Following the recent deadly stand-off between Turkey and Greece over people on the move in the Evros region, the Turkish government has released footage of alleged pushback operations by Greek authorities and urged action from the EU. Media and NGOs also continue to report pushbacks. On 5 February, 20 people contacted the Aegean Boat Report after landing on Samos. “They didn’t get any medical assistance, instead they were arrested by police, blindfolded, transported to the port, robbed of all their belongings and beaten, before taken out to sea. They claim that the Greek coast guard threw them directly into the sea, no boat, no life jackets, if true, this is nothing but attempted murder,” stated the organisation. On 11 February, the Hellenic coast guard reportedly intercepted a boat off Samos carrying 180 people who were later towed back to Turkey. Media outlets have also described the suffering of three Yemenis thrown into the sea during a pushback by Greek authorities off Chios. Reportedly, they were robbed of their phones and money and placed on a boat: “After 20 minutes of sailing, they removed our handcuffs. We had child-sized life jackets on us that we could not fit in. They threw us into the water. We had told the Greek soldiers we could not swim. They threw us into the sea and left,” stated a member of the family. Turkish coast guard units have launched a search operation for one family member still missing.

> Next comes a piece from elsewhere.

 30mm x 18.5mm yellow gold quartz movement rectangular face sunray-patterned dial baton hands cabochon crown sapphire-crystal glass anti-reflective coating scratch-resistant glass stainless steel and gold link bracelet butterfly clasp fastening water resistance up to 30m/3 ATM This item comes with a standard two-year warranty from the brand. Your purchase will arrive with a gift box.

A report from an investigative European media consortium released on 17 February reveals that two people, whose bodies washed up on the Turkish Aegean coast in September 2021: “drowned after being thrown overboard by the Hellenic Coast Guard”. Lorraine Leete, from the Legal Centre Lesbos, stated: “Pushbacks constitute atrocities against the humankind for which Greece and the EU will have to respond sooner or later, given the hard and accumulated evidence of crimes committed at their borders”.

Turkish authorities claim that hundreds of thousands of refugees have returned voluntarily to Syria from Turkey, a country that hosts more than 3.6 million Syrian refugees. However, Amnesty International and other human rights organisations have repeatedly reported collective deportations in recent years. According to Are You Syrious, in one incident in late January 2022 somewhere between 150 and 270 Syrian refugees were apprehended by Turkish security forces and deported to the Idlib area in Northern Syria.    

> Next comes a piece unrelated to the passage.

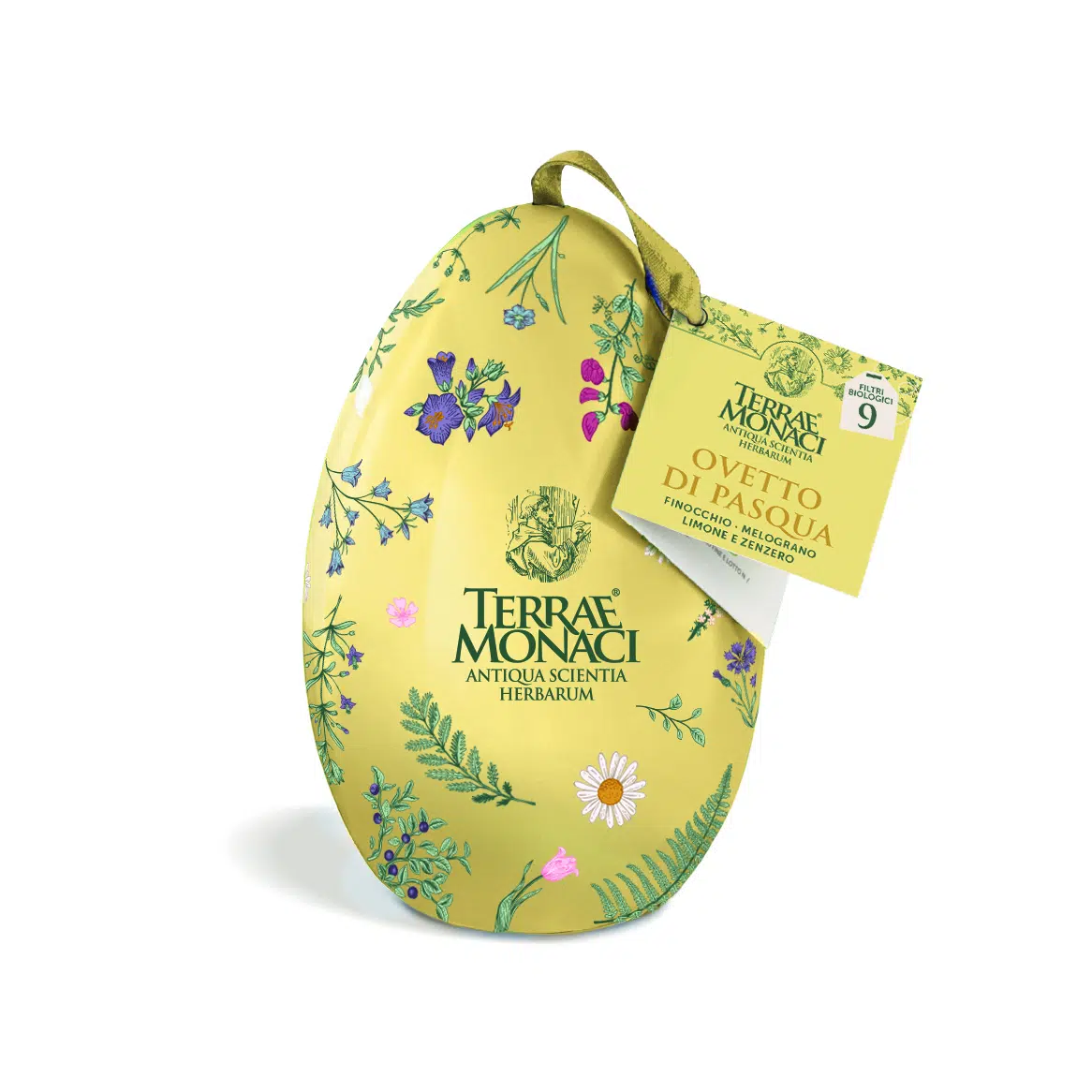 Celebra la Pasqua con un tocco di originalità e relax’! Questo elegante ovetto Terrae Monaci racchiude una selezione di tisane Bio, perfette per regalare momenti di benessere e serenità.

The establishment of five EU funded closed controlled “prison” facilities in the Aegean hotspots of Leros, Kos, Chios, Samos and Lesvos continues to spark resistance. A new facility on Lesvos, expected to open in September, will be located in a “high-risk zone” for wildfires. The new centre will have a capacity of 5,000 people, and is to be located in a remote area called Vastria, situated close to the island’s largest landfill and inside a protected forest. “The majority of fatalities happen in areas where you have a lot of people trying to get away from a place, [making] it difficult to evacuate,” said natural hazards expert Michalis Diakakis, further noting: “Because of the heavy smoke and toxic gases, people tend to inhale huge amounts and then collapse, and then the fire catches them. Most deaths […] like that are in small areas with a few houses, or in small towns near forests”.